In the second example, we will try to determine whether a credit card number is valid or not:

visa = r"^(?:4[0-9]{12}(?:[0-9]{3})?)$"  # the pattern 
input = "4457418557635128" 
occursin(visa, input)  #> true 
if occursin(visa, input) 
    println("credit card found") 
    m = match(visa, input) 
    println(m.match) #> 4457418557635128 
    println(m.offset) #> 1 
    println(m.offsets) #> [] 
end 

The occursin(regex, string) function returns true or false, depending on whether the given regex matches the string, so we can use it in an if expression. If you want the detailed information of the pattern matching, use match instead of occursin. This either returns nothing when there is no match, or an object of type RegexMatch when the pattern is found (nothing is, in fact, a value to indicate that nothing is returned or printed, and it has a type of Nothing).

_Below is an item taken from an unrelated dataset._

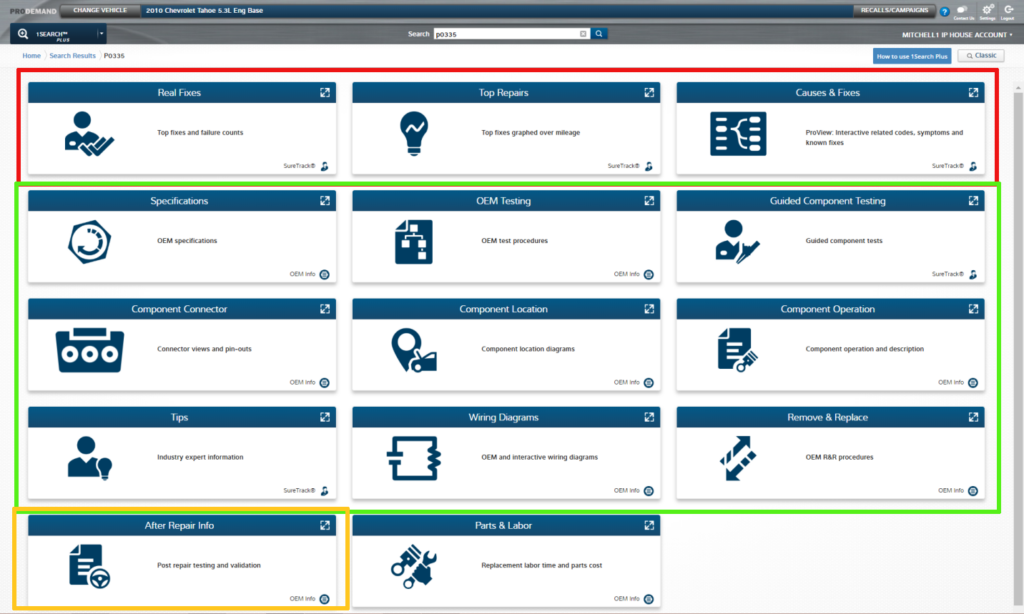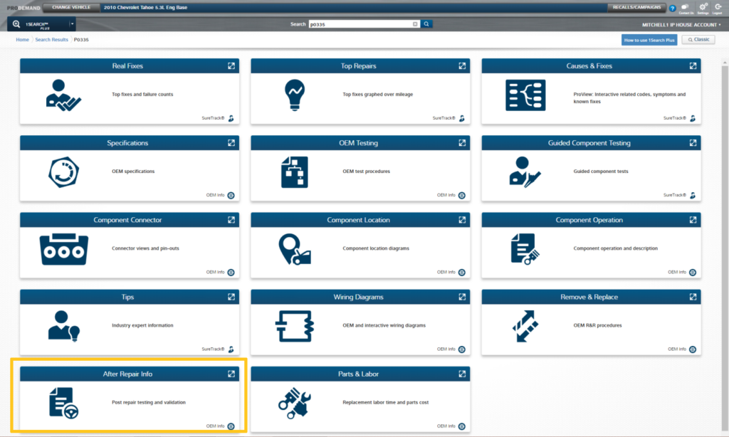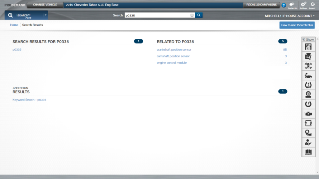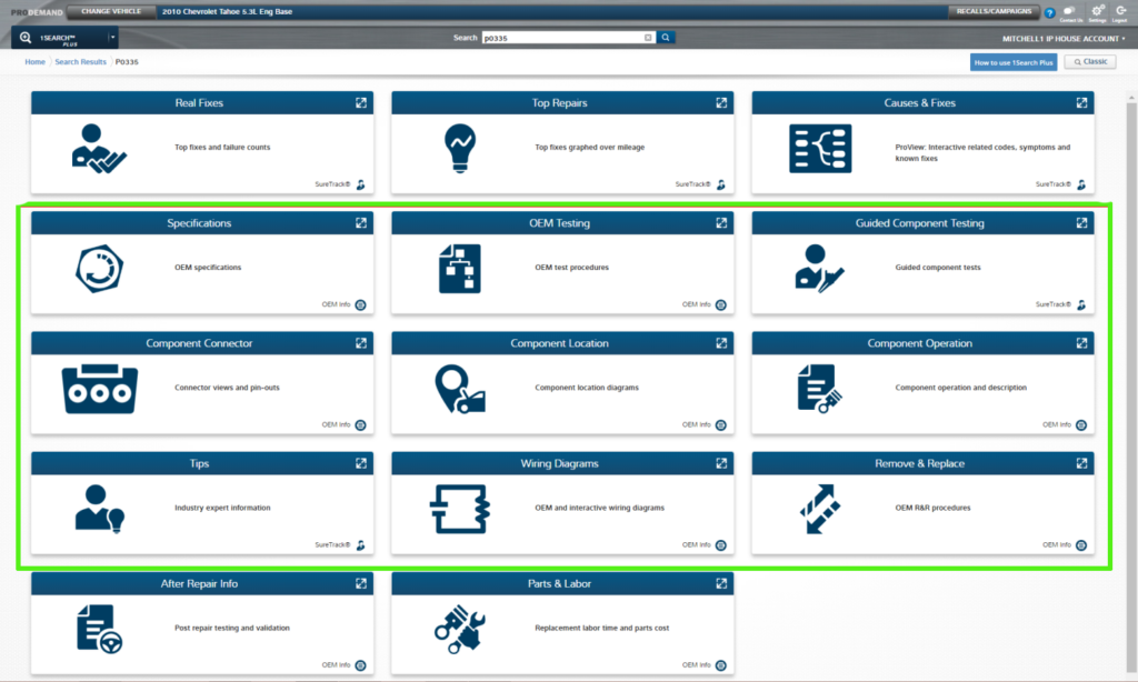 This can be time consuming; however, that is why ProDemand with the 1Search Plus advanced search engine has been designed with sophisticated searching algorithms to take your search term, find the most relevant information and present it in a single lookup that is formatted with a logical diagnostic approach.

The RegexMatch object has the following properties:

  • match contains the entire substring that matches (in this example, it contains the complete number)
  • offset states at what position the matching begins (here, it is 1)
  • offsets gives the same information as the preceding line, but for each of the captured substrings
  • captures contains the captured substrings as a tuple (refer to the following example)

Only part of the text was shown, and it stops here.